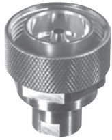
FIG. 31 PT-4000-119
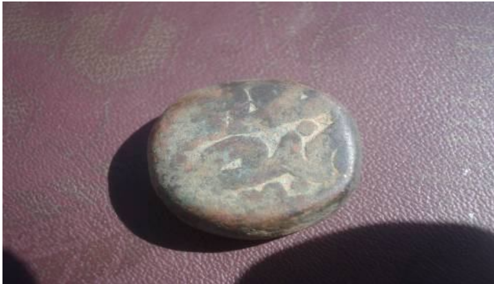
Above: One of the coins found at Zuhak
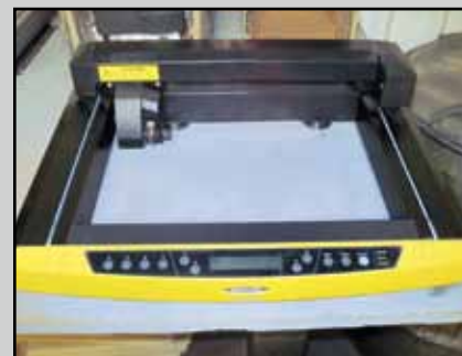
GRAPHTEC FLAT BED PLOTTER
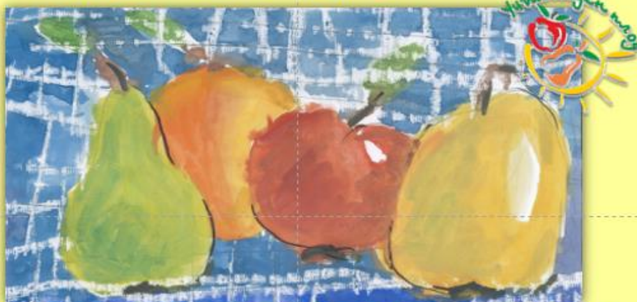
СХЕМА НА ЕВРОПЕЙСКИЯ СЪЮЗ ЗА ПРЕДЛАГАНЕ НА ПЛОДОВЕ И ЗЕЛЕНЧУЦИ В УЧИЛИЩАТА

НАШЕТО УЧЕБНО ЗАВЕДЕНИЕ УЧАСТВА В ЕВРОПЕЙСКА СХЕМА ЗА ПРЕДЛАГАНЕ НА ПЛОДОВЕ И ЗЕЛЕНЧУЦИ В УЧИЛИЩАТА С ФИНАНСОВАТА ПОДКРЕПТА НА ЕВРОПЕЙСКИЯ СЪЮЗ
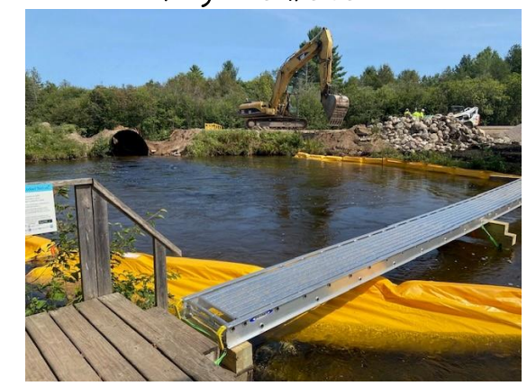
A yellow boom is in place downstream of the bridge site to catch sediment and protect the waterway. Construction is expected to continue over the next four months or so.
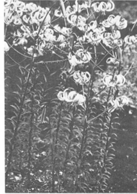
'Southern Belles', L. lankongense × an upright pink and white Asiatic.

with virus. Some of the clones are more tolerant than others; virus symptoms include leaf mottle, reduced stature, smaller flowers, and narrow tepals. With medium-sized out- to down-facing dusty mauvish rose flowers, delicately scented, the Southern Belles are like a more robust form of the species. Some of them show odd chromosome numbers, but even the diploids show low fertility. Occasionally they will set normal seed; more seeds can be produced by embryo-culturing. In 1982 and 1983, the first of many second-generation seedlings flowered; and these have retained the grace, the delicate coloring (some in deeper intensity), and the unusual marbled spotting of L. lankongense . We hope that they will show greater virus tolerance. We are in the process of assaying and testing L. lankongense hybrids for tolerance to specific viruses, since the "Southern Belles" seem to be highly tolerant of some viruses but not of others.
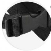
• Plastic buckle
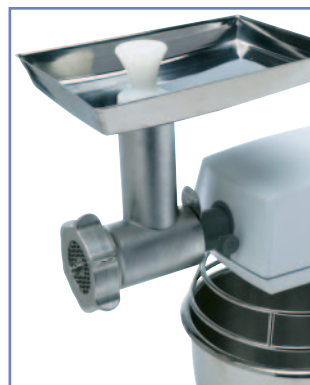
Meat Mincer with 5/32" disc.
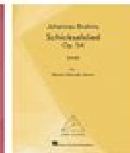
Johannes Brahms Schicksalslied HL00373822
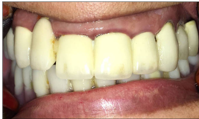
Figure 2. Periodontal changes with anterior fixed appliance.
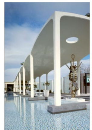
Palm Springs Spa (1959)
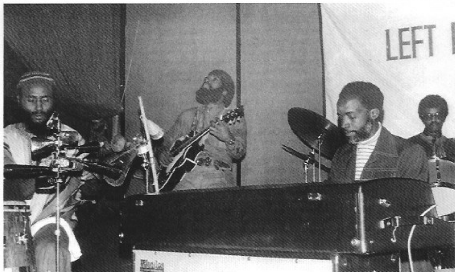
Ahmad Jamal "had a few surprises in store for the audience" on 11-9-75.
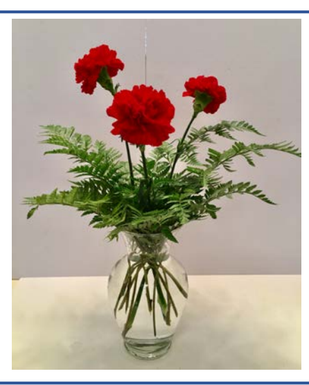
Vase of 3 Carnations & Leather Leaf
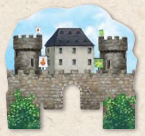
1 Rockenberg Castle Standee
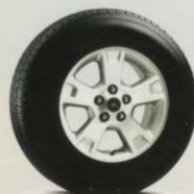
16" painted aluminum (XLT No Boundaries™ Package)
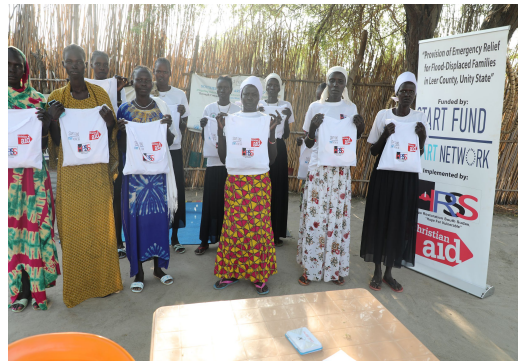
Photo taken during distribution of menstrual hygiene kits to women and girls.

------------------------------

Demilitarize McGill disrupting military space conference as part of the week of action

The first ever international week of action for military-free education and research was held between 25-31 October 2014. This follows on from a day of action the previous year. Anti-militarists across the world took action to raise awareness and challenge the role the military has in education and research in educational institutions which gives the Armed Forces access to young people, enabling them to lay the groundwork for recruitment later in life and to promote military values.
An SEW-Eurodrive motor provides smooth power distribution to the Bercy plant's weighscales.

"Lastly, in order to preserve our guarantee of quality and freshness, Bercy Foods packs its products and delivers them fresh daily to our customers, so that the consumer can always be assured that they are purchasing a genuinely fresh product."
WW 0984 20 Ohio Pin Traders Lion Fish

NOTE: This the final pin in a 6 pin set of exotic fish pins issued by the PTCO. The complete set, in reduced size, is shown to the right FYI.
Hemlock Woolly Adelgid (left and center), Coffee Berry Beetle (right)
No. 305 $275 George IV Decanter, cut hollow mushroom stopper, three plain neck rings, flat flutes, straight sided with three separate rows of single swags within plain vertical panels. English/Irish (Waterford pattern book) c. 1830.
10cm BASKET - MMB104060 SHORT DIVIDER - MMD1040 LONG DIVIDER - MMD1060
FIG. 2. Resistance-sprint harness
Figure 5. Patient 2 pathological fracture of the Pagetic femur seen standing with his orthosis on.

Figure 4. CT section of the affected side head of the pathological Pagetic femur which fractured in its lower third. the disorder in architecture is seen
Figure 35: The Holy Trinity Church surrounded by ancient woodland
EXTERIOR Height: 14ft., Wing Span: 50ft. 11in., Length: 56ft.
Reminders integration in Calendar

------------------------------

#### Problem statement
Using the data above, retype exactly the lines from the line with "СХЕМА НА ЕВРОПЕЙСКИЯ" to the line with "Photo taken during", inclusive. No pictures and nothing else.

#### The answer
СХЕМА НА ЕВРОПЕЙСКИЯ СЪЮЗ ЗА ПРЕДЛАГАНЕ НА ПЛОДОВЕ И ЗЕЛЕНЧУЦИ В УЧИЛИЩАТА

НАШЕТО УЧЕБНО ЗАВЕДЕНИЕ УЧАСТВА В ЕВРОПЕЙСКА СХЕМА ЗА ПРЕДЛАГАНЕ НА ПЛОДОВЕ И ЗЕЛЕНЧУЦИ В УЧИЛИЩАТА С ФИНАНСОВАТА ПОДКРЕПТА НА ЕВРОПЕЙСКИЯ СЪЮЗ
A yellow boom is in place downstream of the bridge site to catch sediment and protect the waterway. Construction is expected to continue over the next four months or so.
'Southern Belles', L. lankongense × an upright pink and white Asiatic.

with virus. Some of the clones are more tolerant than others; virus symptoms include leaf mottle, reduced stature, smaller flowers, and narrow tepals. With medium-sized out- to down-facing dusty mauvish rose flowers, delicately scented, the Southern Belles are like a more robust form of the species. Some of them show odd chromosome numbers, but even the diploids show low fertility. Occasionally they will set normal seed; more seeds can be produced by embryo-culturing. In 1982 and 1983, the first of many second-generation seedlings flowered; and these have retained the grace, the delicate coloring (some in deeper intensity), and the unusual marbled spotting of L. lankongense . We hope that they will show greater virus tolerance. We are in the process of assaying and testing L. lankongense hybrids for tolerance to specific viruses, since the "Southern Belles" seem to be highly tolerant of some viruses but not of others.
• Plastic buckle
Meat Mincer with 5/32" disc.
Johannes Brahms Schicksalslied HL00373822
Figure 2. Periodontal changes with anterior fixed appliance.
Palm Springs Spa (1959)
Ahmad Jamal "had a few surprises in store for the audience" on 11-9-75.
Vase of 3 Carnations & Leather Leaf
1 Rockenberg Castle Standee
16" painted aluminum (XLT No Boundaries™ Package)
Photo taken during distribution of menstrual hygiene kits to women and girls.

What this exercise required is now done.